Em Brasiléia, foram entregues coletes reflexivos para mototaxistas e capacetes para motoboys por meio do projeto Motociclista Consciente, além de habilitações do programa CNH Social, do Governo do Acre. As iniciativas visam garantir mais segurança no trânsito, inclusão social e oportunidades para trabalhadores que dependem da motocicleta como instrumento de trabalho.

Durante a atividade, o parlamentar parabenizou os mototaxistas do município pela organização da categoria, destacando o trabalho do presidente do sindicato, Manoel Antônio, e reconhecendo a atuação dos profissionais que enfrentam diariamente os desafios do trânsito.

Tadeu Hassem também agradeceu ao governador Gladson Cameli pela execução dos programas, ressaltando que as ações fortalecem a cidadania e impactam diretamente a vida de quem mais precisa.

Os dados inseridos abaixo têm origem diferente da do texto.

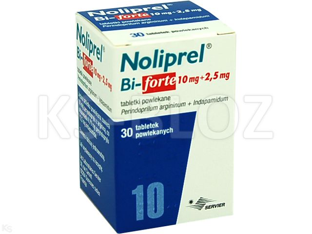 Noliprel tabletki powlekane 2 5 mg 625 mg lek złożony w postaci tabletek powlekanych zawiera dwie substancje czynne. Noliprel to lek złożony zawierający 2 5 mg perindoprilu z argininą oraz 0 625 mg indapamidu. Je to antihypertenzívum a používa sa na liečbu vysokého krvného tlaku hypertenzie. 2 5 mg peryndoprylu z argininą co odpowiada 1 6975 mg peryndoprylu 0 625 mg indapamidu.
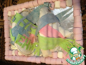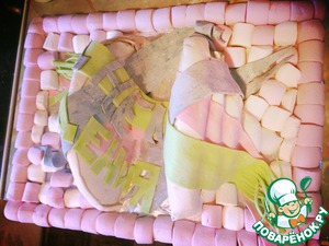 Оставшиеся зефирки выложила на поднос) И вуаля ) Штанга для Спортсмена готова). Мучилась с этим делом я 4 часа, не считая приготовления самого пирога.

Ainda na fronteira, o deputado esteve em Epitaciolândia, onde participou da inauguração da nova sede da Defensoria Pública do Estado. A unidade representa um avanço significativo no acesso à Justiça para a população local. O parlamentar fez menção especial à defensora pública-geral, Juliana Cordeiro, pelo trabalho desenvolvido à frente da instituição.

Segundo Tadeu Hassem, o mandato segue à disposição da população, apoiando iniciativas que promovem dignidade, fortalecem políticas públicas e contribuem para o desenvolvimento do Acre.